I’m not saying he should do it, I’m saying he’s obviously going to do it. In which case, what’s the hold up? Even the squishiest immigration moderates in the Senate have given up on a compromise with Democrats and called for him to issue an emergency decree. The Republicans whom you might expect to push back hardest on a declaration of emergency, like Trump nemesis Mitt Romney, are either dodging questions about it or refusing to flatly say Trump shouldn’t do it when they do answer. POTUS has the green light from his own party.
And he probably has a silent green light from Democrats too. They must recognize by now that there’ll be no deal and no Trump surrender given that he has the alternative of declaring an emergency instead of capitulating. The best realistic outcome at this point is an emergency decree followed by the government quickly re-opening. No need to prolong the pain to federal workers, some of whom are selling their belongings on Craigslist to make rent, or the wider public any longer. Let’s wrap this sh*tshow up.

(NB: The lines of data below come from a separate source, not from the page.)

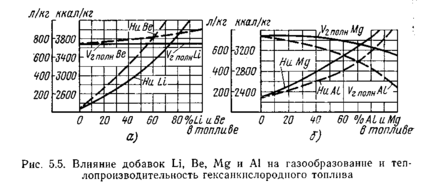 На рис. 5.5 приведены основные показатели топлива на основе гептан — металлического горючего (органозоля) с кислородным окислителем.
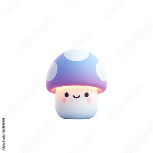 Cute Cartoon Mushroom Night Light with Smiling Face in Soft Glow on Transparent Background
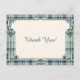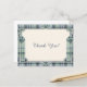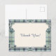 This elegant postcard design combines the timeless charm of classic tartan with the refined structure of Art Deco styling. A soft green and blue plaid border is framed by symmetrical geometric detailing and signature fan motifs, creating a sophisticated architectural look. The design draws inward to a warm ivory center with a subtle texture, providing a clean, balanced space for the “Thank You!” message to stand out beautifully. The contrast between the structured border and the open center creates a polished, high-end aesthetic that feels both vintage-inspired and modern. Perfect for weddings, bridal showers, or refined everyday correspondence, this design offers a graceful and memorable way to express appreciation.
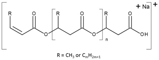 There are two series of ions visible in the mass spectrum. The main series of the ions at m/z 1571, 1485, 1399, 1313, 1277, 1141, 1055, 969, 883, and 797 corresponds to the sodium adduct of oligomers with crotonate and carboxyl end groups, calculated according to the formula m/z 86 + (86 × n) + 23, as shown in Scheme 1. There are also a small series of ions besides the main series. The m/z difference is 14 between the main series and the small series, which corresponds to a CH2 group.
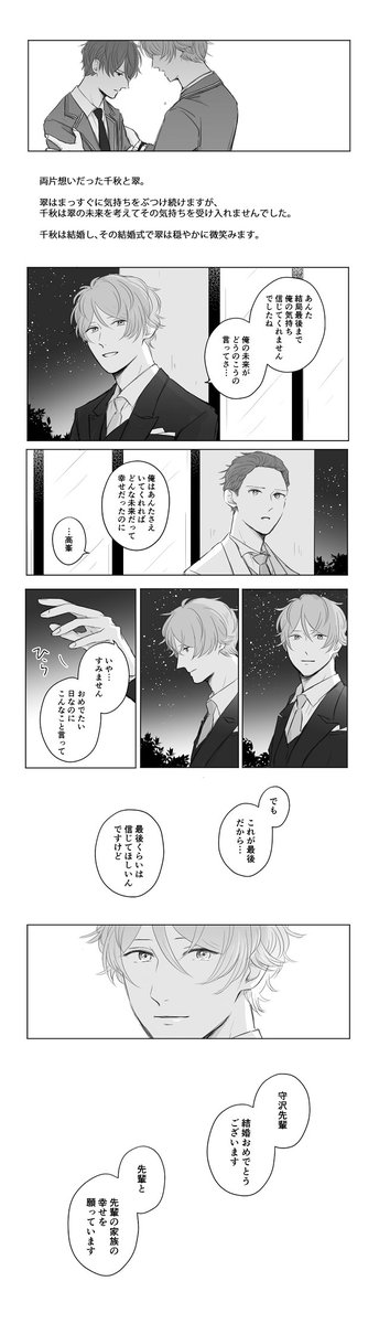 お題:元恋人(もしくは両片思い)で既婚者子持ちな千秋と翠な翠千 考えていたらだいぶ長くなってしまったのでダイジェスト(?)の縦長まんがです…半端な感じですみません~リクありがとうございました!

The only reason for Trump to continue to hold off would be if he had deep civic misgivings about executive overreach or the precedent this would set for his successors, which — c’mon. There’s nothing holding him back. Yet, as I write this at 10:45 ET, all’s quiet on the emergency front. How come?
Is … is this the reason?
https://twitter.com/udkyle/status/1083736793294479360
Today is Day 21, tied for the longest shutdown in American history. All he needs to do is wait until tomorrow and he’ll have the record. And Trump loves records. The biggest ratings, the best people, the longest shutdowns. Except in this case, extending the shutdown to record-setting lengths wouldn’t be a simple matter of idle boasting. It would underscore the real point of this standoff, proving Trump’s burning commitment to building the wall (after doing next to nothing to make it happen during two years of Republican control of Congress). “You think I don’t care about the wall? I just pulled off the longest shutdown in history to try to get it done,” he’ll say. That won’t stop Ann Coulter from yelling at him but it’ll satisfy virtually everyone else.

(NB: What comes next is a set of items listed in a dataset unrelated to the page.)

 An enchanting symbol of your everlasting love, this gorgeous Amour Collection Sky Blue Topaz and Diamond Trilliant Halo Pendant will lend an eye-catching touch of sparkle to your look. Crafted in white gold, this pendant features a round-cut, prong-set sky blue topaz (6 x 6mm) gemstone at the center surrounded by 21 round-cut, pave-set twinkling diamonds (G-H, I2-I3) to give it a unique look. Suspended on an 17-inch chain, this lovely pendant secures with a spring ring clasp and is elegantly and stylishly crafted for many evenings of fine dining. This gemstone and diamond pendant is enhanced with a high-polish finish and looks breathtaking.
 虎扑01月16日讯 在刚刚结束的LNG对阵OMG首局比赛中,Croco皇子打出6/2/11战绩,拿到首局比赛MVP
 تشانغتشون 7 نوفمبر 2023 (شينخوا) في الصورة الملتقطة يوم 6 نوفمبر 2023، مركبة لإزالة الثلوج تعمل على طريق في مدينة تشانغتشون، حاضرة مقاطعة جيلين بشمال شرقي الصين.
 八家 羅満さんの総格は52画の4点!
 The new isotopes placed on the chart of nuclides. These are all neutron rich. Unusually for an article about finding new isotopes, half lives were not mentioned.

Philip Klein imagines the worst-case scenario for righties if Trump declares a national emergency and this standoff moves to the courtroom. The worst case isn’t that he loses in court, it’s that he wins — and then loses the presidency next year:
That brings us to the final scenario, which would undoubtedly be the worst case scenario for conservatives. In that case, Trump wins the case in court, but the decision comes too late for him to get much construction done by the end of his first term. Then, he loses reelection. The next Democratic president could then stop construction on the border wall, but still turn around and use the precedent set by court decision as a means of advancing any big ticket liberal items that can’t get through Congress. In this case, conservatives give the next Democratic president a blank check, and don’t even have a wall to show for it. Nightmare.
If conservatives are skeptical this could happen, they should think about Harry Reid, who as majority leader nuked the filibuster for nominees, allowing the Senate to confirm them with a simple majority. Reid went nuclear in Nov. 2013, a year before Democrats lost control of the Senate. Thus, Democrats were only able to get limited use out of the move before Republicans took over the Senate a year later, and now Trump and Senate Majority Leader Mitch McConnell have used it to confirm two Supreme Court picks and 85 total federal judges so far, and expect to pick up the pace over the next two years.

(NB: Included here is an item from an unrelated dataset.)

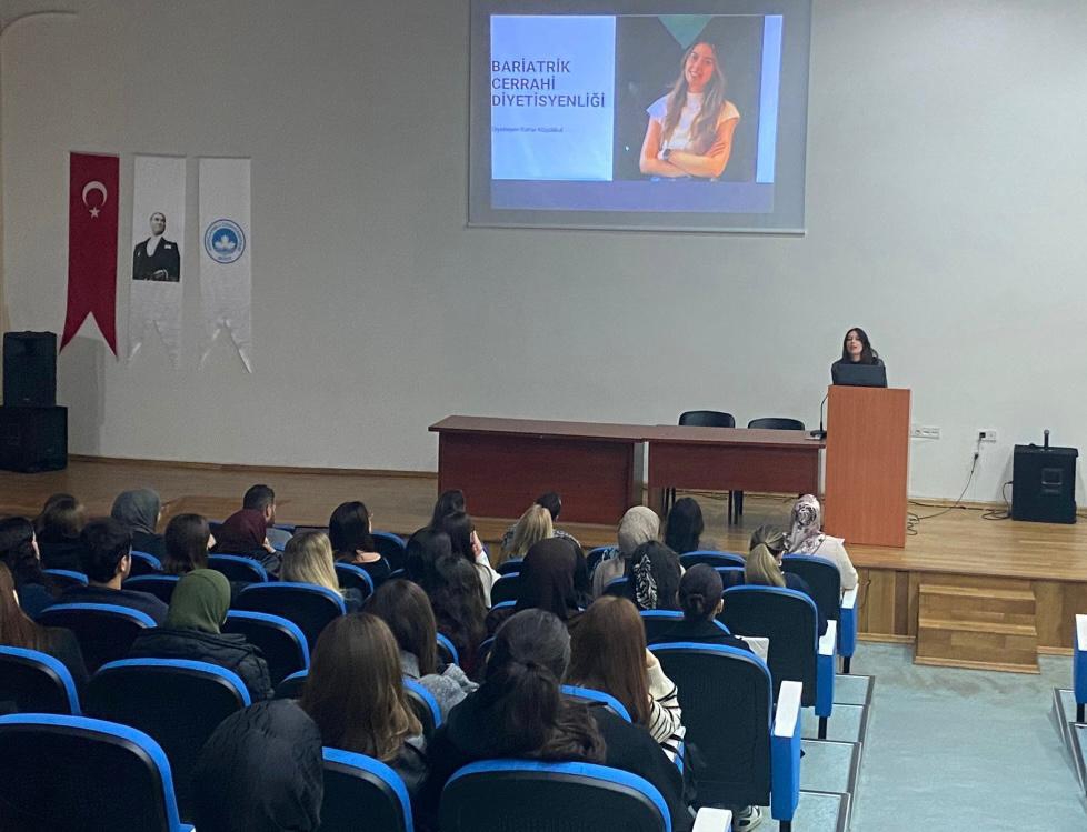 Moderatörlüklerini Dr. Öğr. Üyesi Gökçe Çakmak Kafadar ve Arş. Gör. Dr. Selma Fırat yürüttüğü etkinliklerden ilki, 24 Kasım 2025 tarihi saat 19:00’da çevrimiçi gerçekleştirildi. Etkinlikte, 2023 yılı mezunlarından Tekirdağ Hayrabolu Devlet Hastanesi’nde Diyetisyen olarak görev alan Kübra Kurt “Devlet Hastanesinde Diyetisyen Olmak” başlıklı sunumunda multidisipliner çalışma deneyimlerinden ve etik ilkelere bağlılığın mesleki süreçlerdeki öneminden bahsetti. Etkinliklerden ikincisi, 25 Kasım 2025 tarihi saat 14:00’te 2023 yılı mezunlarından Tekirdağ Ergene Belediyesi’nde Diyetisyen olarak görev yapan İpek Melisa İmre tarafından, sonuncusu ise saat 15:00’de 2023 yılı mezunlarından Tekirdağ Morsanita Kliniğinde Diyetisyen olarak görev yapan Bahar Küçükkul tarafından Sağlık Bilimleri Fakültesi Konferans Salonu’nda yüz yüze gerçekleştirildi. İmre, halk sağlığı alanındaki saha projelerini ve toplum temelli beslenme uygulamalarını anlatarak sahada diyetisyen olmanın önemini vurguladı. Küçükkul ise, obezite cerrahisi sonrası beslenme yönetimi, klinik beslenme protokolleri ve Erasmus deneyiminin mesleki katkılarını öğrencilerle paylaştı.

There’s a silver lining for the right to any other potential outcome except that one. If Trump wins in court and then wins reelection, the wall probably gets built. If he loses in court and also loses reelection, at least there’ll be a legal precedent on the books blocking his successor from claiming emergency powers. If he loses in court but wins reelection, he might be able to swing a deal with Congress to build the wall anyway in his second term. But winning in court and losing the White House would be a disaster. How lucky do you feel?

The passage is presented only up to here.